Segment Open

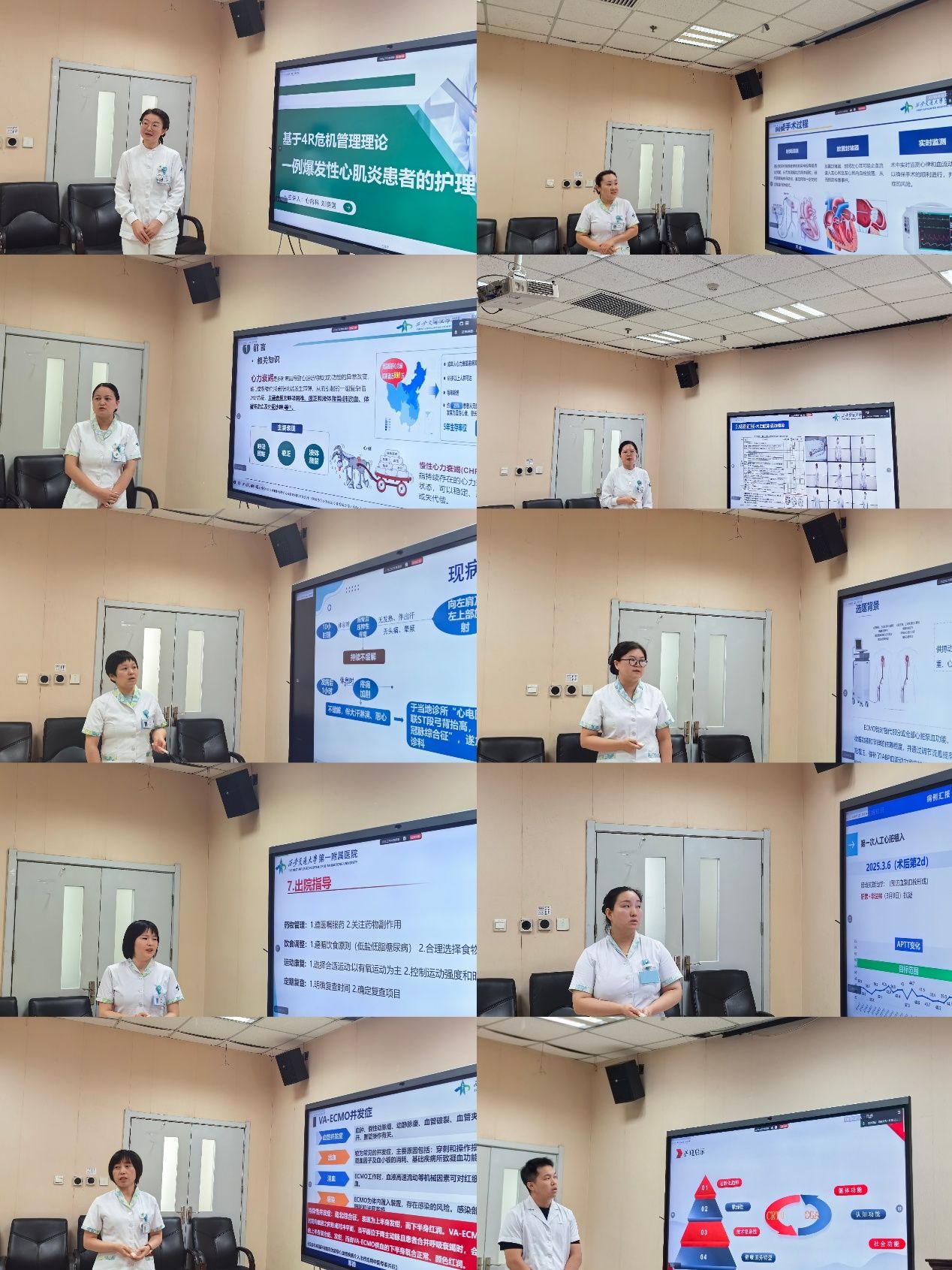本次活动由心内科王婧副护士长主持,采用线上线下联动模式,总院、东院、陆港院区及榆林医院四院区同步参与。16位参赛选手依次汇报,在8分钟的限时展示中,聚焦"疑难危重症护理""老年综合评估""质量改进""罕见病管理"等前沿领域,通过"爆发性心肌炎4R危机管理""心衰患者精细化容量调控""急性下肢动脉闭塞个体化护理"等典型案例,以循证为基、数据为据,层层剖析病情演变,生动呈现临床场景,充分彰显了专科护士卓越的临床洞察力、精准判断力及个性化护理方案的制定能力。
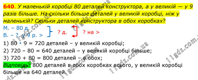 У маленькій коробці 80 деталей конструктора, а у великій — у 9 разів більше. На скільки більше деталей у великій коробці, ніж у маленькій? Скільки деталей конструктора в обох коробках? М. – 80 д. В. – ?, у 9 р. > 1) 80 ∙ 9 = 720 деталей – у великій коробці; 2) 720 – 80 = 640 деталей – у великій коробці більше; 3) 720 + 80 = 800 деталей – в обох; Відповідь: 800 деталей в обох коробках всього, у великій коробці більше на 640 деталей.
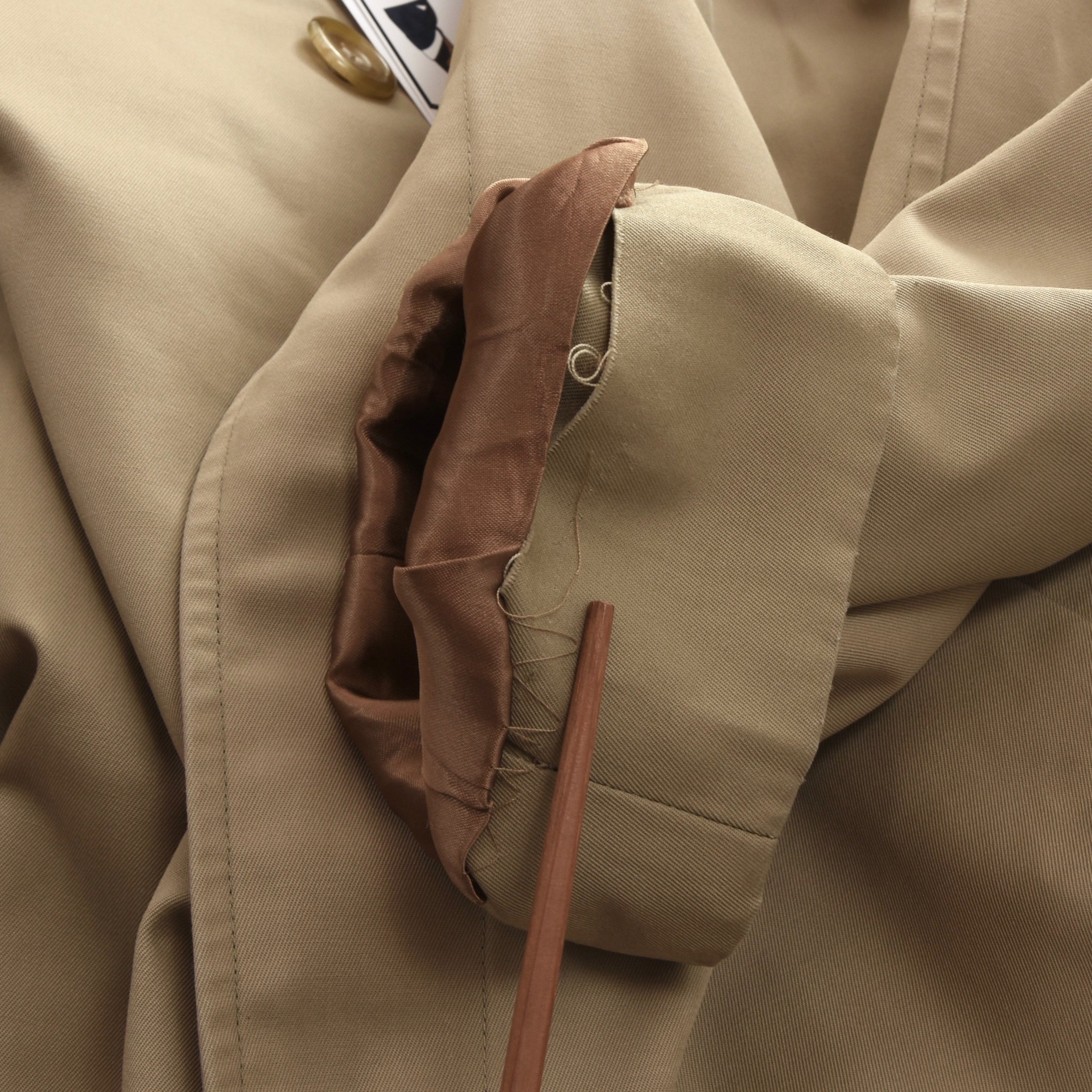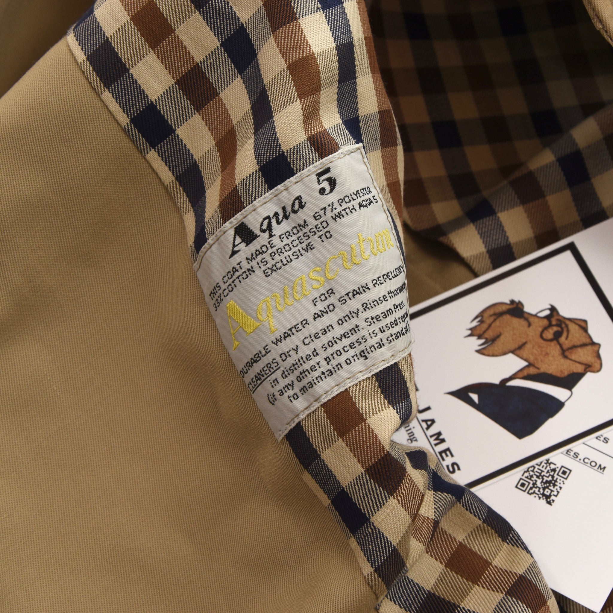 Klassischer Trenchcoat von Aquascutum. Hergestellt in England aus 67 % Polyester und 33 % Baumwolle. Kein Größenschild.
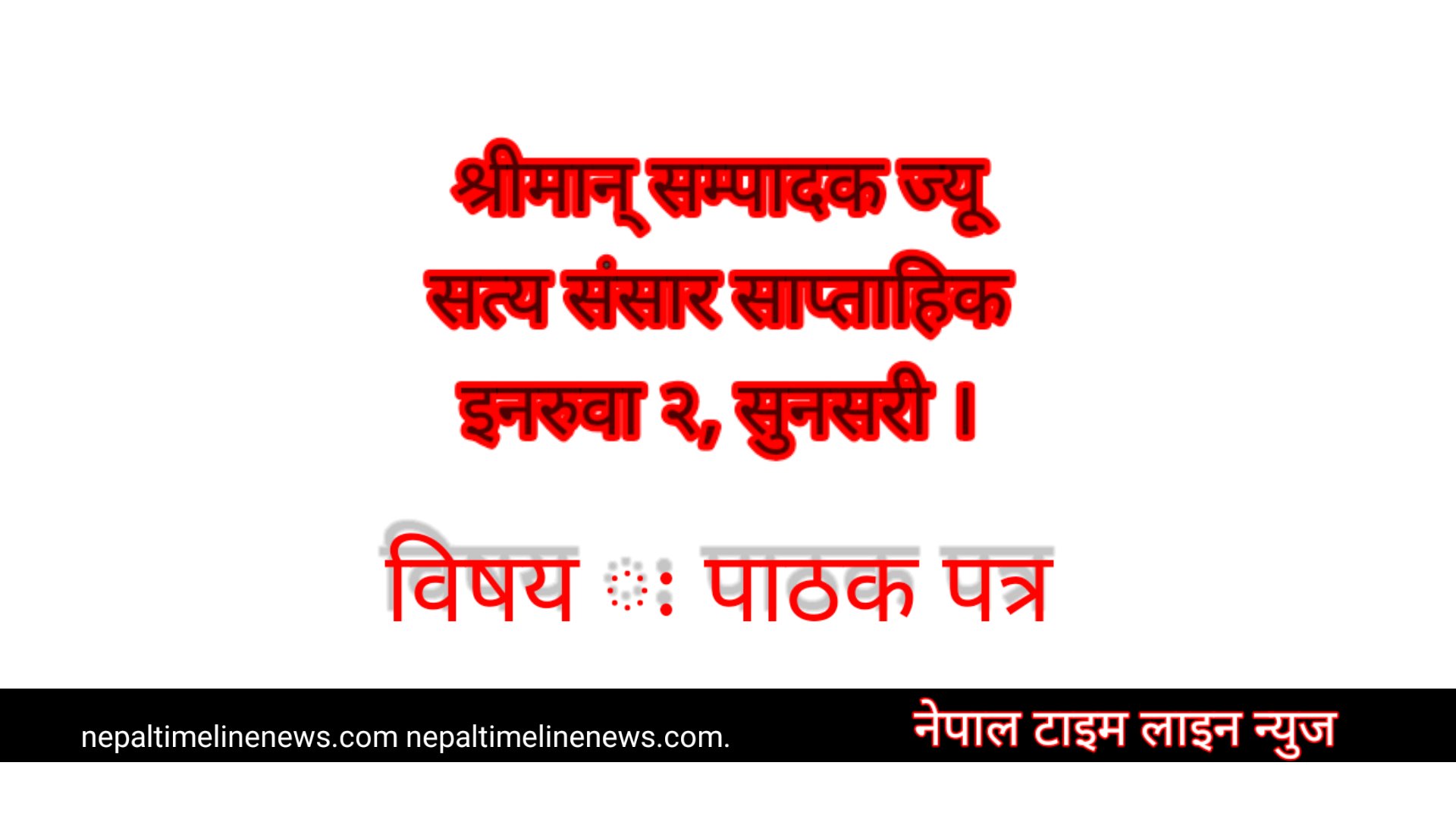प्रस्तुत विषयमा म यस पत्रिकाको नियमित पाठक हुँ । तर विडम्बना यो पत्रिका प्रकाशन भईहरेको क्षेत्र र नगरबाटै सही सूचनाहरु र खोजहरु नआएकाले त्यसमा खोज अनुसंधानका लागि अनुरोध गर्दै यो पत्र लेखेको छु । हामी नेपाली समाजमा विभिन्न विचारमा आस्था राख्ने गछौं तर जहाँ आस्था राख्ने त्यही ठाउँमा धोका दिने, कालोबजारी गर्ने, अन्तरघात गर्ने गरेको छ । त्यस बारेमा यहाँको पत्रिकामा सूचना र समाचार नआएकाले आफ्नै क्याम्पस र नगरका बारेमा जानकारी सहित पत्र पठाएको छु ।

Segment Closed

- THE PROBLEM: When you return the listing, keep it exact and omit any pictures it holds.

- EXPECTED ANSWER:
本次活动由心内科王婧副护士长主持,采用线上线下联动模式,总院、东院、陆港院区及榆林医院四院区同步参与。16位参赛选手依次汇报,在8分钟的限时展示中,聚焦"疑难危重症护理""老年综合评估""质量改进""罕见病管理"等前沿领域,通过"爆发性心肌炎4R危机管理""心衰患者精细化容量调控""急性下肢动脉闭塞个体化护理"等典型案例,以循证为基、数据为据,层层剖析病情演变,生动呈现临床场景,充分彰显了专科护士卓越的临床洞察力、精准判断力及个性化护理方案的制定能力。
 У маленькій коробці 80 деталей конструктора, а у великій — у 9 разів більше. На скільки більше деталей у великій коробці, ніж у маленькій? Скільки деталей конструктора в обох коробках? М. – 80 д. В. – ?, у 9 р. > 1) 80 ∙ 9 = 720 деталей – у великій коробці; 2) 720 – 80 = 640 деталей – у великій коробці більше; 3) 720 + 80 = 800 деталей – в обох; Відповідь: 800 деталей в обох коробках всього, у великій коробці більше на 640 деталей.
 Klassischer Trenchcoat von Aquascutum. Hergestellt in England aus 67 % Polyester und 33 % Baumwolle. Kein Größenschild.
प्रस्तुत विषयमा म यस पत्रिकाको नियमित पाठक हुँ । तर विडम्बना यो पत्रिका प्रकाशन भईहरेको क्षेत्र र नगरबाटै सही सूचनाहरु र खोजहरु नआएकाले त्यसमा खोज अनुसंधानका लागि अनुरोध गर्दै यो पत्र लेखेको छु । हामी नेपाली समाजमा विभिन्न विचारमा आस्था राख्ने गछौं तर जहाँ आस्था राख्ने त्यही ठाउँमा धोका दिने, कालोबजारी गर्ने, अन्तरघात गर्ने गरेको छ । त्यस बारेमा यहाँको पत्रिकामा सूचना र समाचार नआएकाले आफ्नै क्याम्पस र नगरका बारेमा जानकारी सहित पत्र पठाएको छु ।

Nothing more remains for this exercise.